3.2. Calculation of Carbon Emissions in the Production and Construction Phase of the Non-Prefabricated Simulation of Building B1

Compared with prefabricated buildings, the main difference of non-prefabricated buildings is reflected in the main structure and internal wall parts, where the specific materials include steel reinforcement, concrete (including sand, stone, and cement), masonry materials, mortar (including cement and sand), and some admixtures (e.g., admixtures in concrete and mortar). Therefore, in this simulation, we kept the building area, function, and form of the B1 building unchanged. Under these conditions, the main structure and internal wall parts were re-designed by the structural designer as a reference simulated building using the non-prefabricated method of construction; part of the structural design drawings are shown in Figure 5.
Figure 5. Structural plan layout of reference building.

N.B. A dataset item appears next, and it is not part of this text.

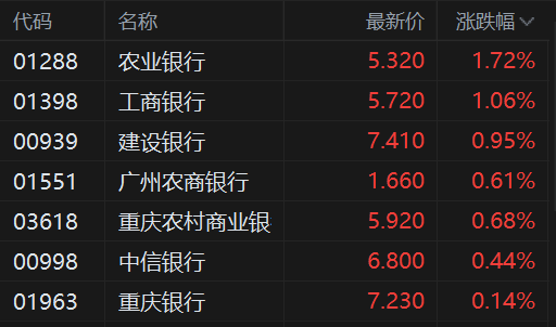 消息上,国泰海通研报指出, 受资金风格切换影响,自7月10日以来,银行指数累计跌幅达到14%,明 显跑输沪深300(累计涨幅15%)、创业板指(累计涨幅42%)。当前视角来看,银行中期分红时间临 近、银行业绩确定性较高,若年底市场风格趋于均衡,银行板块或有补涨机会。 从基本面展望,银行业绩波动较小,利润基本保持平稳正增长,25H1上市银行利润增速达0.8%,全年 来看,业绩有望保持稳中向好的趋势。从边际变化的角度来看,银行息差的同比降幅有望持续收窄,利 好业绩表现。 | 代码 | 名称 | 最新价 | 涨跌幅 √ | | --- | --- | --- | --- | | 01288 | 农业银行 | 5.320 | 1.72% | | 01398 | 工商银行 | 5.720 | 1.06% | | 00939 | 建设银行 | 7.410 | 0.95% | | 01551 | 广州农商银行 | 1.660 | 0.61% | | 03618 | 重庆农村商业银 | 5.920 | 0.68% | | 00998 | 中信银行 | 6.800 | 0.44% | | 01963 | 重庆银行 | 7.23 ...

3.2.1. Calculation of Carbon Emissions for Materials of B1 Building in the Non-Prefabricated Simulation

Considering the waste of materials such as rework on site, the amount of material work for the building structure was multiplied by a factor of 1.1, according to the experience of structural engineers, and the amount of work was calculated as shown in Table 17, where the total carbon emissions associated to building materials was 2242.50 tCO 2 e.
Table 17. Calculation of carbon emissions in site phase.

3.2.2. Carbon Emissions Calculation for the Transport Phase of Building B1 in the Non-Prefabricated Simulation

The carbon emissions in the transportation phase of the reference building were 136.59 tCO 2 e, as calculated in the following Table 18:
Table 18. Calculation of carbon emissions of transportation of Building B1 in non-prefabricated simulation.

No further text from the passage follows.